5.12.07

And if I ever see you again...IV

El recuerdo de su venganza aún retumba en los muros del colegio.


En la mañana Náder llegó sonriente y alburero como todos los días, su chevy rojo relucía al entrar al estacionamiento y su bata, limpia y planchada colgaba inerte de su brazo izquierdo. Iba a ser otro gran día.
Debajo de la escalera secreta, cubriendo la puerta donde Haggin Paddins guardaba los cuerpos, había unos enormes espejos empolvados que le daban un aire aún más aterrador a la escalera que Memo y yo amábamos.
Náder procuraba no pasar por ahí. Malos recuerdos, decía él.
Ese nefasto día, salimos del salón y nos dirigimos como de costumbre a esa escalera, habíamos bajado por un pastelito, pero el baño estaba cerrado. Con cierto grado de desilusión volvimos sobre nuestros pasos, mas nuestros rostros se vieron deformados no por no haber obtenido un rico postre, sino por un mensaje, varios mas bien, escritos con el dedo sobre el polvo de los espejos.

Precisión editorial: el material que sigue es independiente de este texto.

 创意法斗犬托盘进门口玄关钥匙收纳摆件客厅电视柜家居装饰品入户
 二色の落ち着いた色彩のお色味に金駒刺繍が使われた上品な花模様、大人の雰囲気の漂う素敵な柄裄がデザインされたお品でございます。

¡Oh dedo inquisidor! ¡Oh funestos designios de una lengua viperina!

Los soeces mensajes en los espejos decían cosas tan atroces, tan mordaces, tan rebeldes...

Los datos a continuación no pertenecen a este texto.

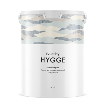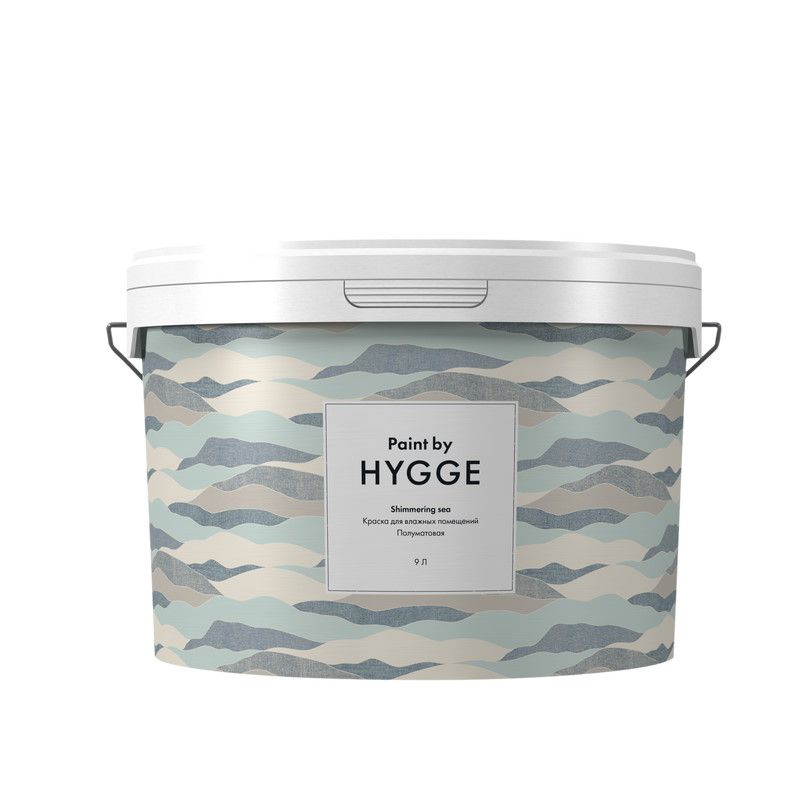 HYGGE Shimmering sea - Полуматовая водно-дисперсионная краска для интерьеров. Подходит для окраски стен и потолков в любых помещениях, в том числе с высокой эксплуатационной нагрузкой и повышенной влажностью.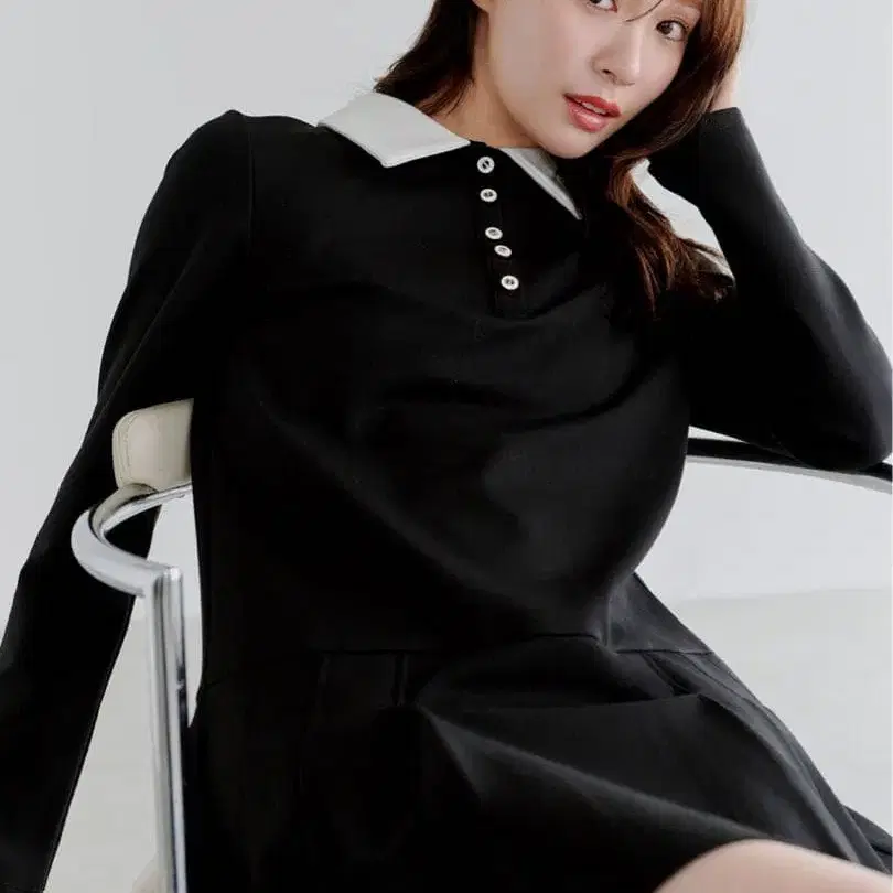 옷깃이 화이트로 배색 마감된 클래시컬한 블랙. 가을/겨울에 어울리는 스트레치성이 있는 두꺼운 티셔츠 원단을 사용했습니다. 서스테인 소재입니다. 안감은 없습니다. 플리츠는 한쪽으로 접은 플리츠로 마무리했습니다.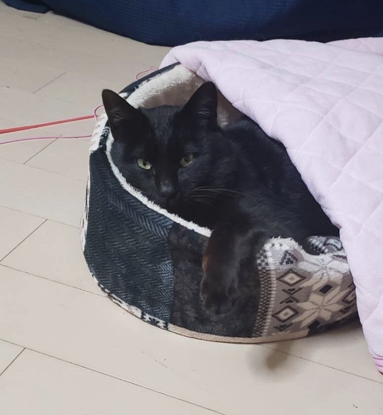 ・くぅは元々野良猫でした。野良猫時代は時々家の庭に遊びに来ていました。去年の12月、空いている窓から家の中に入ってきました。その時はガリガリに痩せてしまっていて、フードとお水をそっと置いたらパクパク食べてくれました。そして私達は縁を感じ家族会議の末に、保護して家族になることを決めました。保護してから2週間程は「シャー」と怖い顔で威嚇ばかりして近づく事も出来ませんでしたが、今では同じ猫だと思えない程、家族に慣れてくれてとても甘えん坊な子に変身しました。くぅは推定3〜10歳の男の子で、とても甘えん坊で優しくお利口な猫です。ちょうど1ヶ月前、我が家の愛犬と突然のお別れをし、悲しみに暮れた私達に、側で寄り添い元気と気力を与え続けてくれていました。

"Anita no tiene modales en la mesa"
"Ana banana no sabe escribir poesía"

No pude soportar tanto veneno, tanto odio...las lágimas brotaban fáciles de mis heridos ojos, mi labió tembló y mis nervios colapsaron.
Memo hizo cuanto pudo para hacerme sentir mejor, pero el dolor era demasíado.

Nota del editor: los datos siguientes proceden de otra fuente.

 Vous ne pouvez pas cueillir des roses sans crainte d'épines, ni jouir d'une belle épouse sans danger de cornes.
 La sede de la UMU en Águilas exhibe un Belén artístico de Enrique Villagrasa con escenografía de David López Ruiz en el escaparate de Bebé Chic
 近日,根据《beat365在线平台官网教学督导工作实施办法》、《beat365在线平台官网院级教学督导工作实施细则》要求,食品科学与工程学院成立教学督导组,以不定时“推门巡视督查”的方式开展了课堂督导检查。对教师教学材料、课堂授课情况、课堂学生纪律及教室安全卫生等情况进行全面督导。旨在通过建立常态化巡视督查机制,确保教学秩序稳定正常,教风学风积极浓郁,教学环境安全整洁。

Nuestra siguiente clase era Biología. Nos pusimos nuestras batas y caminamos hacia el laboratorio del otro lado del colegio.
Náder, quien entonces aún tenía una amable sonrisa en su rostro, me miró y me miró y me miró.
Cuando se hubo enterado de lo ocurrido juró vengarse del mundo, juró vengar mi honor ante los espejos que me habían visto llorar.
El cielo se oscureció, la tierra tembló y todos nos miramos unos a otros con extrañeza. Se había ido la luz.
Salimos del laboratorio con nuevos bríos y el asunto parecía olvidado. Tres períodos más tarde, la figura jadeante y sudorosa de Náder corría hacia el 213, con una enorme sonrisa de satisfacción.

¡Lo hice, lo hice lo hice! ¡Me vengué! Tu honor, esa ofensa, ha sido cobrada.

Memo y yo nos imaginamos las cosas más atroces, sangre, llanto, diamantina, vidrios rotos atravesando cuellos...
Bajamos corriendo la escalera secreta y al ver los espejos nos congelamos.
Náder había borrado con la mano los mensajes y había escrito unos nuevos.

"Anita está bien feliz"
"Ana banana es muy cortés y educada"

...Y su venganza fué consumada.

6 comentarios:

El hombre de titanio dijo...

ay, en un acto loc y rugiente de venganza hizo lo que hizo, no se arrepiente.
La venganza de nader es algo atroz, talvez la 3era parte de kill bill

Lau dijo...

Ay Nader!!!!
Pero que cosa ... quebueno que vengó tu honor ....
LA foto esta genial!!!!
jajajajajajajajajaajaj
tqm

pat dijo...

no ma! pues si, es que cuando uno te ve mal hace hasta lo imposible por vengarse de quien te hizo daño!

chris dijo...

jajaja ese hombre se salió de control! bien dicen que la pasión que acompaña a la locura es cegadora

De Humani Corporis Fabrica dijo...

Malos recuerdos? sera como aquel maestro de anatomía que se niega a dar diseccion porque una vez se desmayo y (según el) soño (vaya pero q cosa tan ilógica) que los cadáveres lo disecaban a el, ese pensamiento le ha robado el sueño, ese pensamiento lo ha convertido en un cadaver!

Miss Mac Lovegood dijo...

Ja!
Pobre ingenuo... yo se que tu venganza fue mejor... y nadie se dio cuenta hasta mucho despues!